═════ Provided material
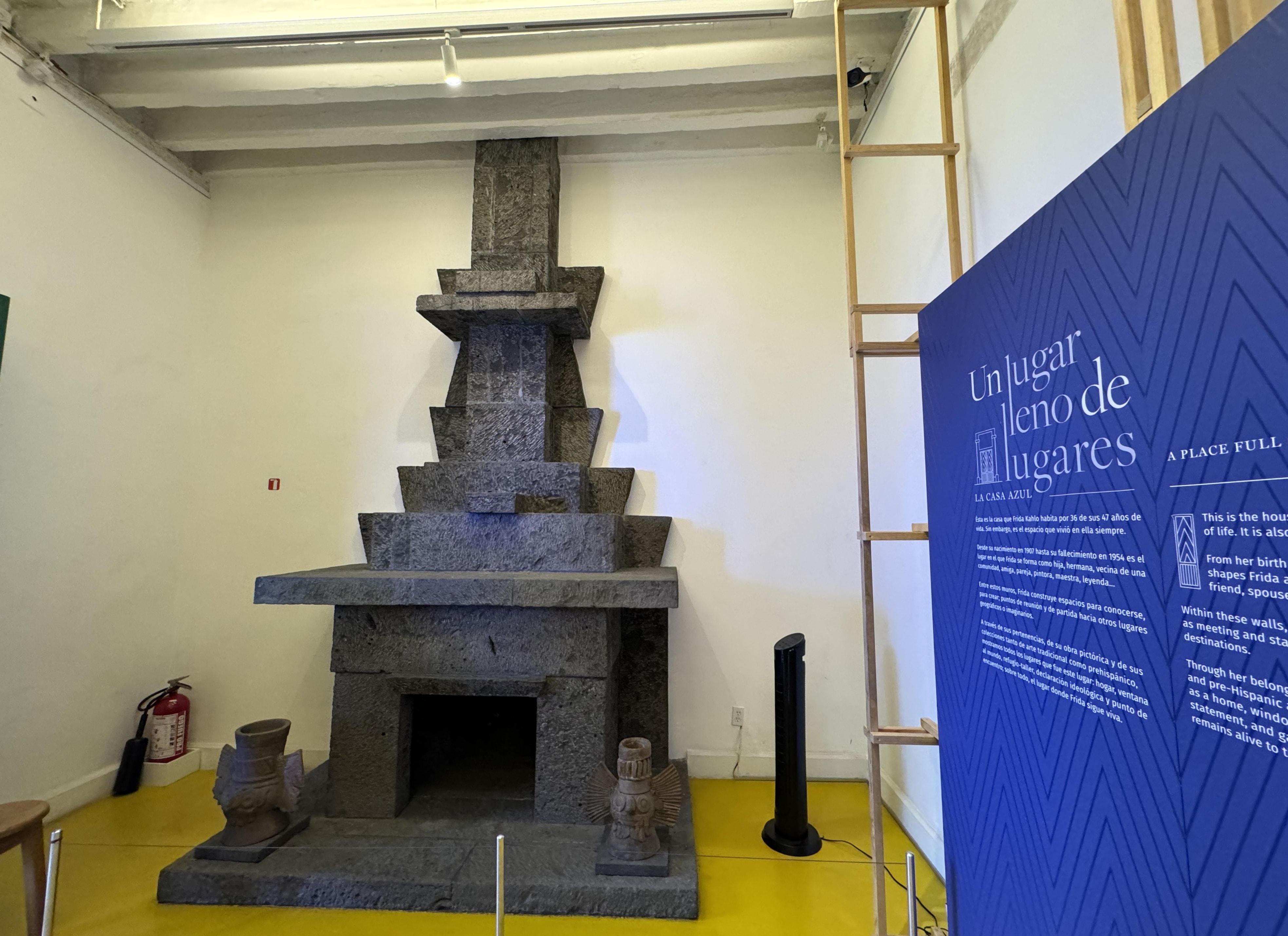 Kahlo’nun eşi Diego Rivera’nın kendisine hediye ettiği volkanik taşlardan yapılmış ayaklı şömine de müzenin girişinde yer alıyor. Aynı yerde, Kahlo’nun hasarlı omurgasını desteklemek için giymek zorunda kaldığı korseler de bulunuyor.
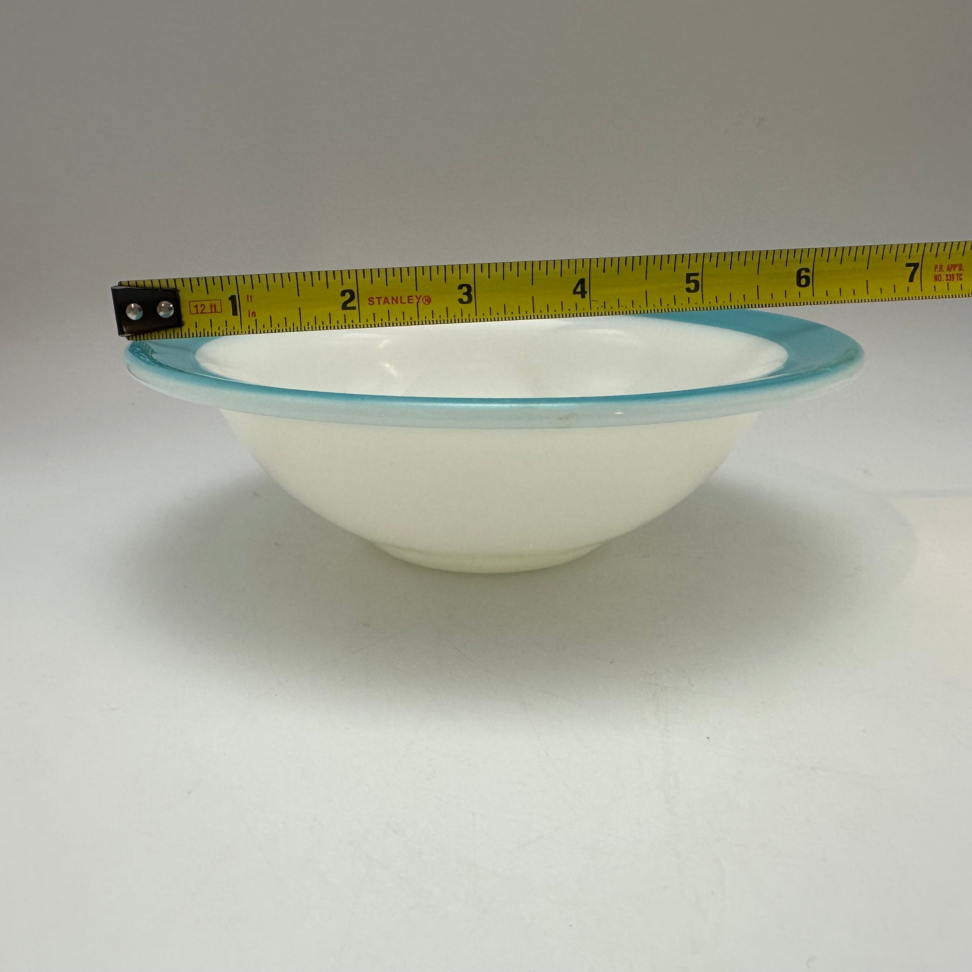 Pyrex Milk Glass Bowls, With Aqua Trim, 6.25", Set of 4
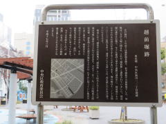 明治になり 越前守の屋敷地が「越前堀」という町名となりましたが 堀は次第に埋め立てられて行きます。大正12年(1923)の関東大震災以後 一部を残して大部分が埋め立てられ わずかに残っていた隅田川に近い部分も 戦後完全に埋め立てられました。その後 町名が改められ 「新川」となって現在に至っています。
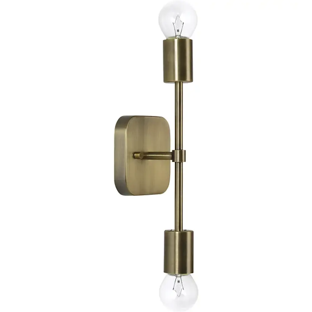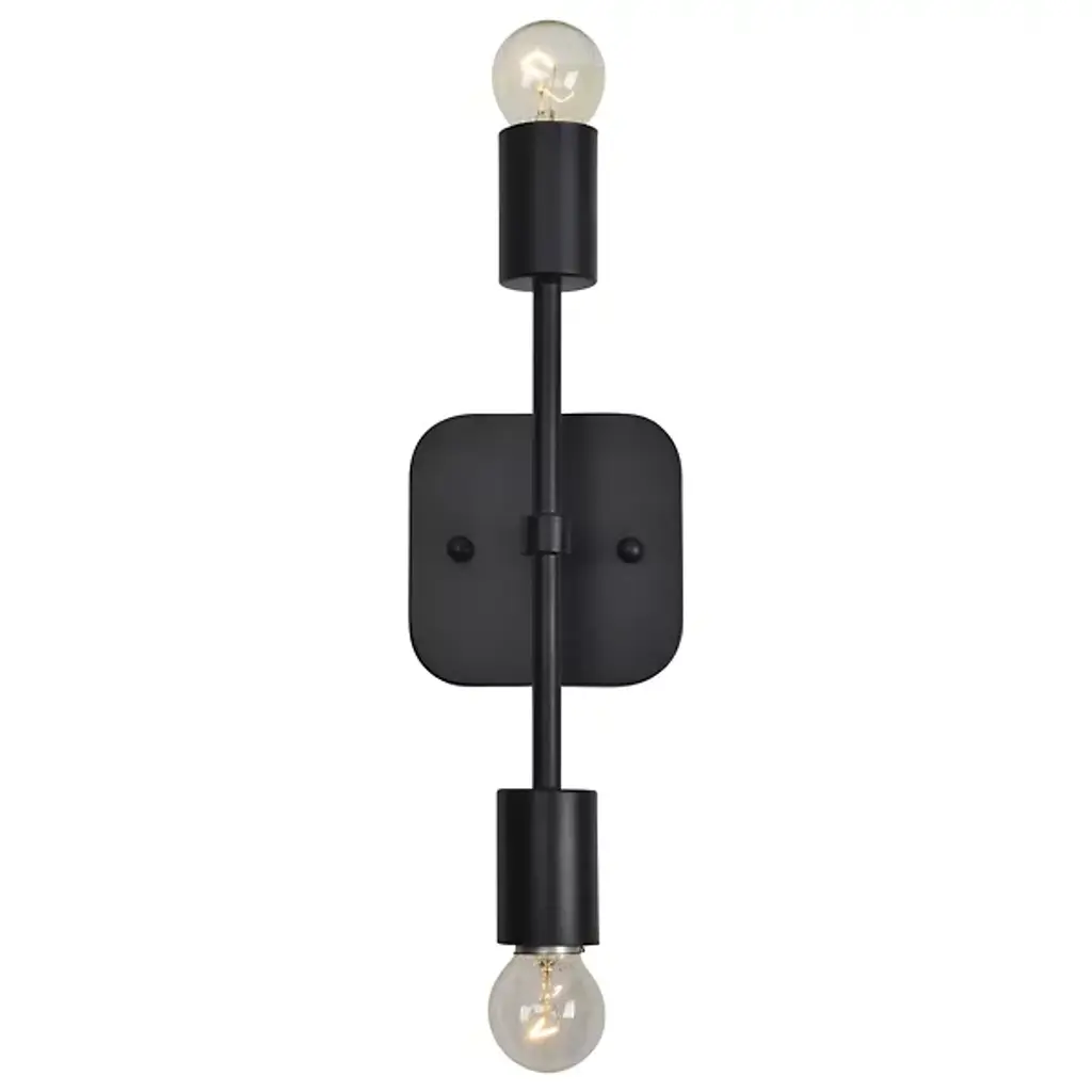 Give interiors a glorious glow with the inspired industrial character of the Anka Wall Sconce from Renwil. A curve-cornered square wall plate made from iron supports the lamping, extending a slim rod across its surface, each end extending a cylindrical socket that holds open lamping. The spindly rod contrasts well with the solidity of the metal, transmitting twin glowing elements outward as direct light accentuated by reflected wall wash.
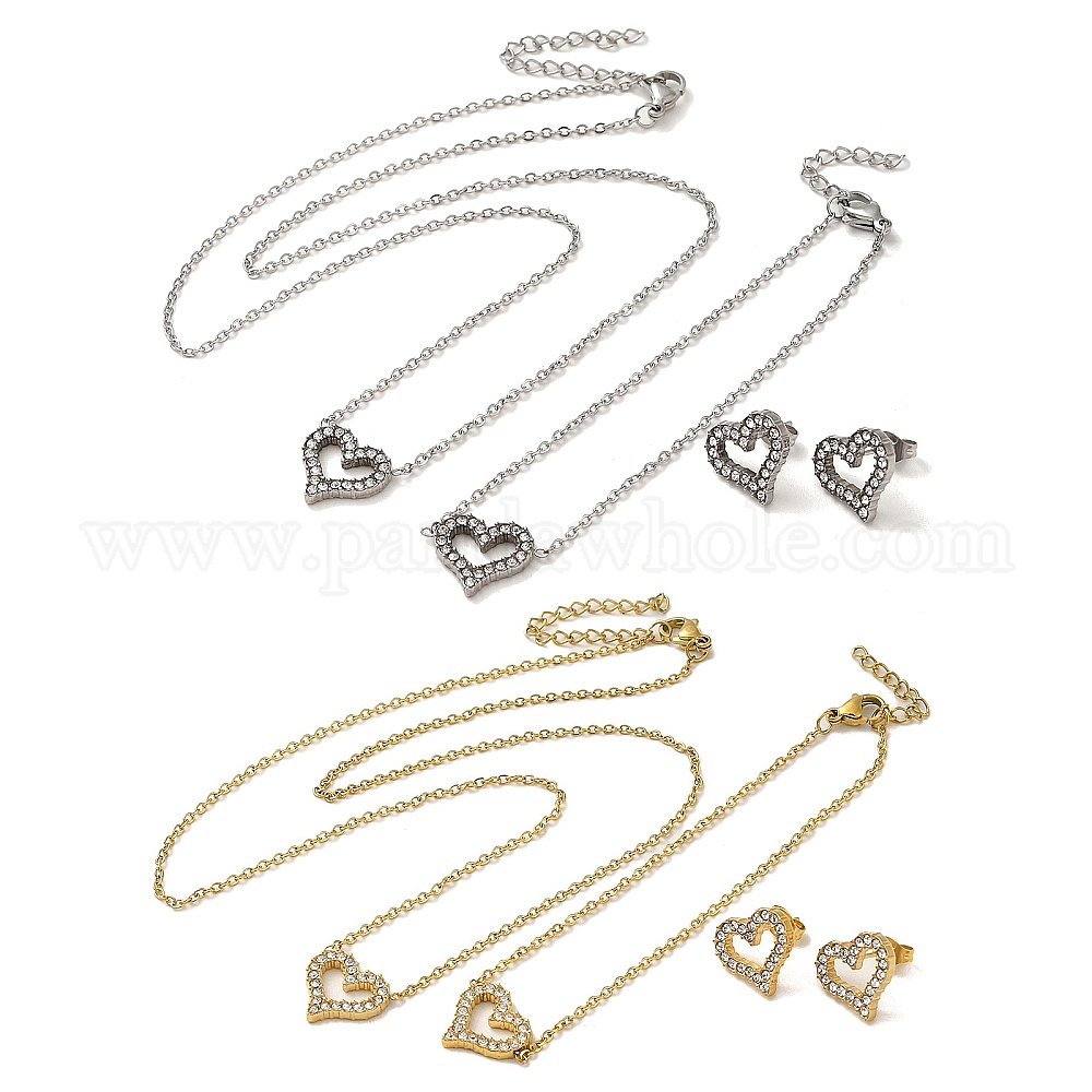 Сердце 304 комплекты ожерелий, браслетов и сережек-гвоздиков из нержавеющей стали со стразами для женщин
══════════
Instructions to follow: Start with the first line of the records above and end with the line containing "Pyrex Milk Glass". Output those lines exactly, pictures excluded.

Task result:
 Kahlo’nun eşi Diego Rivera’nın kendisine hediye ettiği volkanik taşlardan yapılmış ayaklı şömine de müzenin girişinde yer alıyor. Aynı yerde, Kahlo’nun hasarlı omurgasını desteklemek için giymek zorunda kaldığı korseler de bulunuyor.
 Pyrex Milk Glass Bowls, With Aqua Trim, 6.25", Set of 4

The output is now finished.